Voyage au pays de Verdi 4 : Vérone boude Salieri

Publié le par Antonin



J’ai cru faire un cauchemar en assistant à la représentation du Mondo alla Rovescia (le monde à l’envers) d’Antonio Salieri au Teatro Filarmonico de Vérone. Le cauchemar d’une salle d’opéra vide, peuplée de quelques rares têtes blanches, qui baillent d’ennui, regardent leur montre et bavardant pendant le spectacle. Celui d’ouvreuses tellement blasées qu’elles ne prennent même pas la peine de placer les gens, tant les vides dans les rangées sont béants, et les meilleures places désertes. Et si le monde à l’envers dont parle Salieri, c’était ce percussionniste obligé d’applaudir lui-même l’entrée du chef d’orchestre qu’un trop rare public n’a même pas remarqué ? Et si, surtout, l’avenir de l’opéra, c’était ça…

 

 


 

Difficile d’expliquer un tel fiasco, surtout que le spectacle n’a rien de déshonorant. Est-ce Salieri qui fait ainsi fuir les spectateurs ? Le compositeur originaire de Legnano a certes souffert de l’Amadeus de Milos Forman qui, tout en le sortant de l’anonymat, l’a durablement, et sans doute injustement, relégué au rang de compositeur sans génie. Les efforts de Cecilia Bartoli pour le réhabiliter – au travers d’un disque à écouter absolument – n’ont manifestement pas porté leurs fruits. Il s’agit certes d’un opéra bouffe, léger, spirituel, mais il est porté par une musique qui l’est tout autant et qui, sans atteindre la profondeur de Mozart, n’en mérite pas moins le droit de cité dans les grandes maisons d’opéra.

 

Est-ce donc Il mondo alla rovescia qui pose problème, cet opéra inconnu de tous puisqu’on assistait à Vérone à sa recréation après sa disparition complète des répertoires ? Adapté d’une pièce de Goldoni, drôle, enlevé, cet opéra a pourtant tout pour séduire. Son intrigue fondée sur l’inversion des rôles sexués – les femmes militaires et les hommes à la broderie – ne manque ni d’audace ni de ressorts. Et la mise en scène de l’ancien assistant de Franco Zeffirelli Federico Maria Sardelli, construite autour d’un jeu de miroir tantôt reflétants tantôt translucides, rend astucieusement hommage à ce renversement des valeurs.

 

Est-ce l’absence de stars à l’affiche qui fait déserter les spectateurs ? Patrizia Cigna, Rosa Bove, Marco Filippo Romano, Maurizio Lo Piccolo… Aucun de ces noms ne parle au néophyte. Pourtant, la première est capable de déployer un phrasé tout à fait délicieux, et un velouté qui épouse parfaitement le son de l’excellente clarinette de l’orchestre de l’Arena di Verona. Et la seconde sait parfois faire montre d'une virtuosité qui seule parvient à sortir le public de sa torpeur.

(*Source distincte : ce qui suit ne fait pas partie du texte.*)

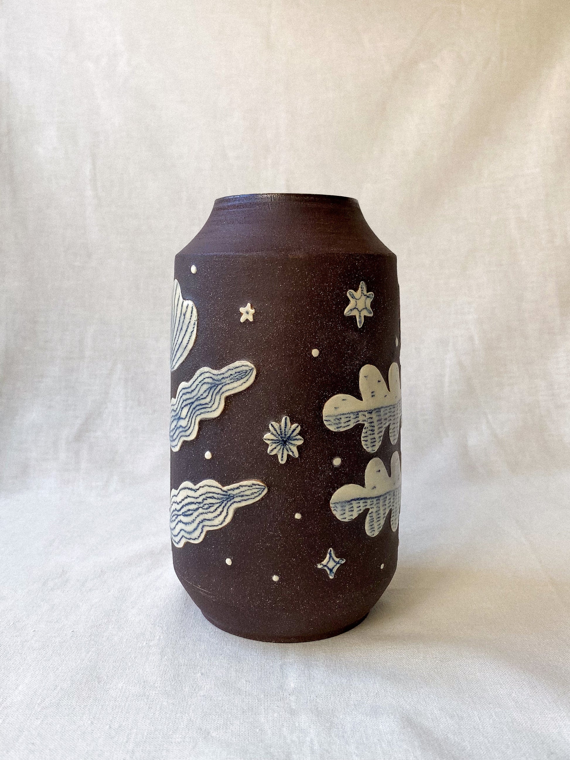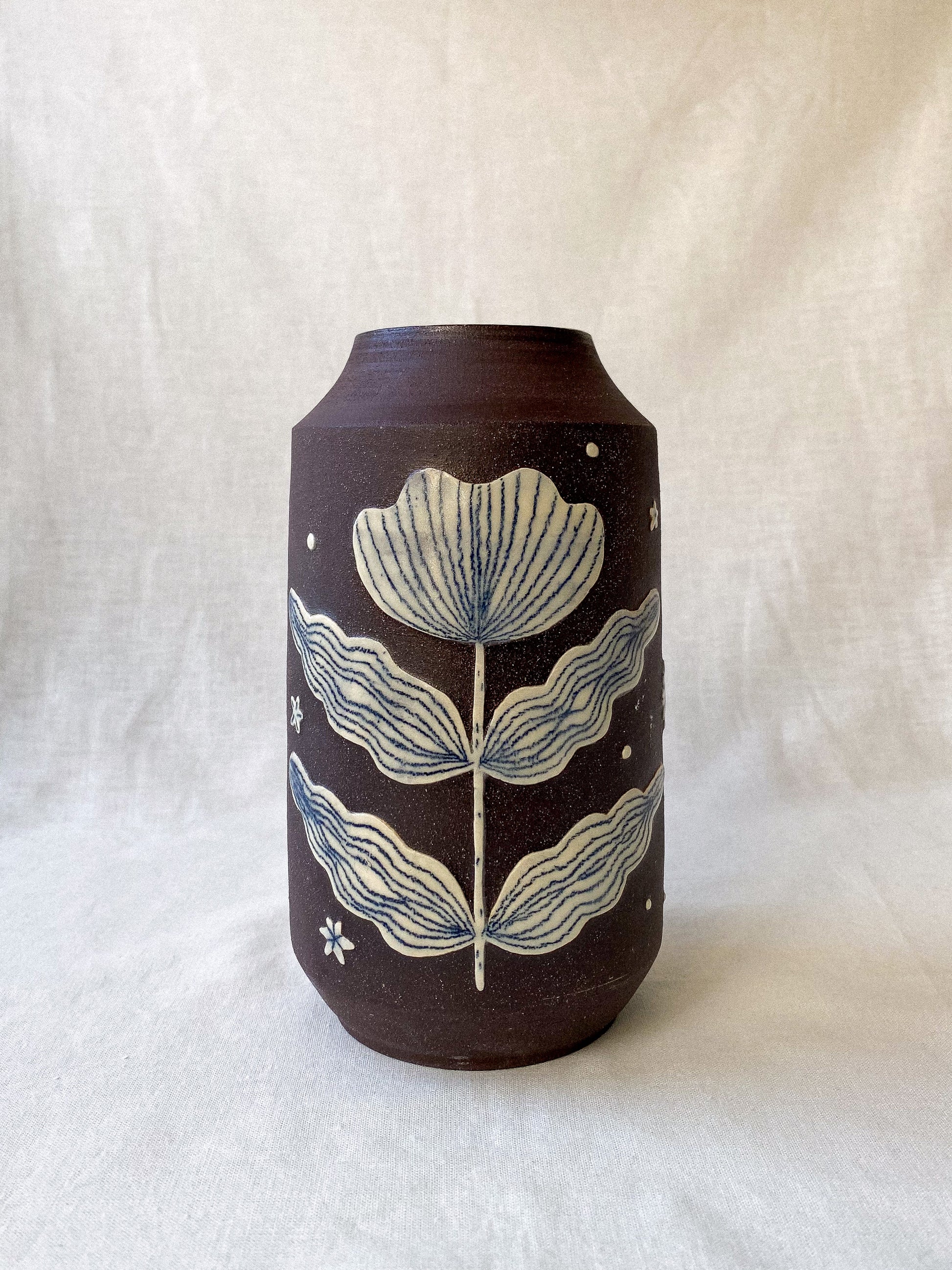 Hand-illustrated vase in a dark coffee clay with a raised white floral motif.
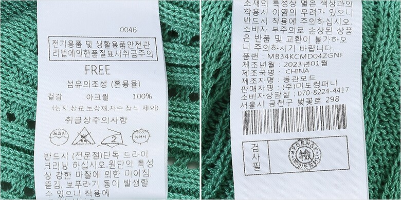 | 1. 제품 소재 (섬유의 조성 또는 혼용률을 백분율로 표시, 기능성인 경우 성적서 또는 허가서) | 겉감:아크릴100% |

Quant au tableau masculin, il est plus drôle sur scène que bouleversant sur le plan musical, mais il tient sa place avec dignité.

 

Est-ce le lieu, le Teatro filarmonico de Vérone, moins prestigieux que les Arènes voisines et leur festival de renommée internationale, qui s’est lancé un défi trop grand pour lui ? Sans doute. Mais quand on voit la programmation du festival de Vérone cette année (Turandot, Il Trovatore, Madame Butterfly, Aïda…) on ne peut que s’étonner de son absence totale d’audace. En faisant tourner éternellement les mêmes succès attendus et en s’endormant sur des lauriers pourtant fânés depuis longtemps, les grandes maisons et festivals d’opéra laissent reposer sur des lieux plus fragiles économiquement la responsabilité du renouvellement du genre. On espèrera en vain voir Salieri dans les Arènes. Au contraire, on bat cette année le record du nombre de Carmen montées dans les plus grands opéra du monde (New-York, Londres, Milan, Barcelone, Berlin, liste non exhaustive). Et c'est aux petits opéras, ceux qui peinent à fidéliser leur public dans des villes de taille beaucoup plus réduite, qu'échoit la lourde tâche de défendre la diversité du répertoire. Oui, décidément, ce soir, on avait l’impression que le monde tournait à l’envers.

 


Il Mondo alla Rovescia d'Antonio Salieri, en première mondiale des temps modernes au Teatro filarmonico de Vérone, jusqu'au 28 novembre 2009.